1998_03_march_leader07mar industry aid

The Industry Commission has criticised state and territory governments over their industry incentive schemes on several counts. The first is that most of these schemes just transfer industry from one part of Australia to another, often at an overall cost to Australia, even if the receiving state occasionally gets some short-term advantage. The second is that the taxpayers and businesses in the receiving state often have to pay higher taxes to support the subsidy. Mostly, governments trumpet the created jobs, but with the jobs comes the need to provide infrastructure and services like roads, schools, social welfare and so on. The third is that many payments under these schemes are not transparent. Typically, governments hide under the excuse of commercial-in-confidence.

The ACT is one of the worst offenders on the secrecy front. The commission looked at two forms of assistance: that given in budgetary outlays and that giving in payroll-tax exemptions. The former, of course, is more transparent. It appears in the Budget papers. The latter is less transparent without a lot of further information.
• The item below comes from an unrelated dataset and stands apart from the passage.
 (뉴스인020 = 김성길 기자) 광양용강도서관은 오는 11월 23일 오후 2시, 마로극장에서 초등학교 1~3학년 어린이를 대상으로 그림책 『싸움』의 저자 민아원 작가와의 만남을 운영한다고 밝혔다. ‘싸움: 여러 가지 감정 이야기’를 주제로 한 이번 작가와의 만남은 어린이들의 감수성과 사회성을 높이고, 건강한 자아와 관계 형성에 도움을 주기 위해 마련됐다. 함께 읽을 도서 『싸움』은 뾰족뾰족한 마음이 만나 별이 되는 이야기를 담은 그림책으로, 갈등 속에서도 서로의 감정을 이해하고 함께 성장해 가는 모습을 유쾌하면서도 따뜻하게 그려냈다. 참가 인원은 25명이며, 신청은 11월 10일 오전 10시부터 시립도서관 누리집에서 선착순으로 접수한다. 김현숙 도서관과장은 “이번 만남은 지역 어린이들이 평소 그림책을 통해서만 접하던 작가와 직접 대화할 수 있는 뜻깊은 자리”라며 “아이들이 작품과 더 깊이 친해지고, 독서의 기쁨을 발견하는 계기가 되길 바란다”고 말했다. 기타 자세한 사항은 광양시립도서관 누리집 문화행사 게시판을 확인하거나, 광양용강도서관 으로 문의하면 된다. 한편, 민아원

The ACT has the highest dollar-per-head payroll tax exemption of all the states and territories, at $256 per head, compared to the average of $176. And it has the lowest assistance per head in budgetary outlays, at $27 compared to the average of $137.
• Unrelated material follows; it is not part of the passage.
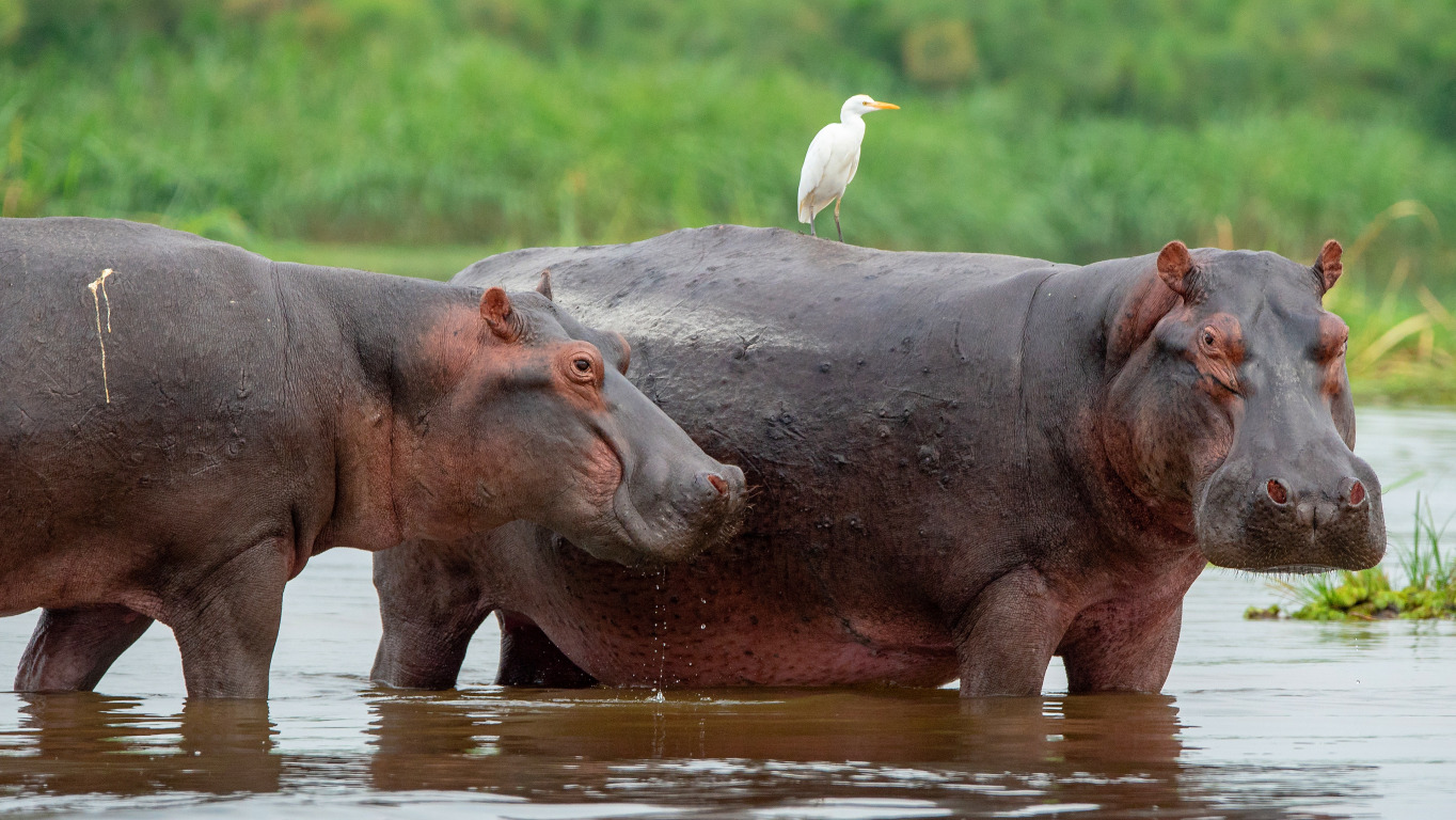 Назад к обои вода, птица, две, купание, пара, бегемот, водоем, цапля

When helping industry, the ACT, it appears, prefers to do it under the table.

Overall, however, the ACT gives less assistance per head than any state or territory than Queensland. That is probably because we are a less industrial jurisdiction. But more importantly, the ACT is the youngest jurisdiction and so has had less time for its politicians to dream up self-congratulatory schemes to attract jobs.

The commission condemned the secrecy surrounding the ACT Government’s assistance programs. It said it was hard to work out the value of assistance because the figures were “”generally not available in public documents.”

Even the number of recipients of assistance was not available to the public. Details of the revenue forgone through tax concessions and the sale of leases at below market value were not available publicly. Generally the excuse was that the arrangements were commercial in confidence. This excuse is not good enough. A business is entitled to keep its commercial secrets from its competitors so the competitors do not get an unfair advantage. But knowledge of the level of assistance from the taxpayer is not a business’s secret. It is in the public domain. One of the conditions of accepting public help should be public accountability. A Government should be able to claim commercial-in-confidence in the lead up to establishing as assistance arrangement, otherwise it could be subjected to a clever campaign with one business playing off against another. But once the assistance is received, the public is entitled to be told who is getting it, what form it takes, how much is it worth, what return is the ACT getting from it.

The danger of not making such information available is twofold. There is a danger that corruption could develop unseen and there is a danger that the assistance is wasted or not used to best advantage without the test of public scrutiny.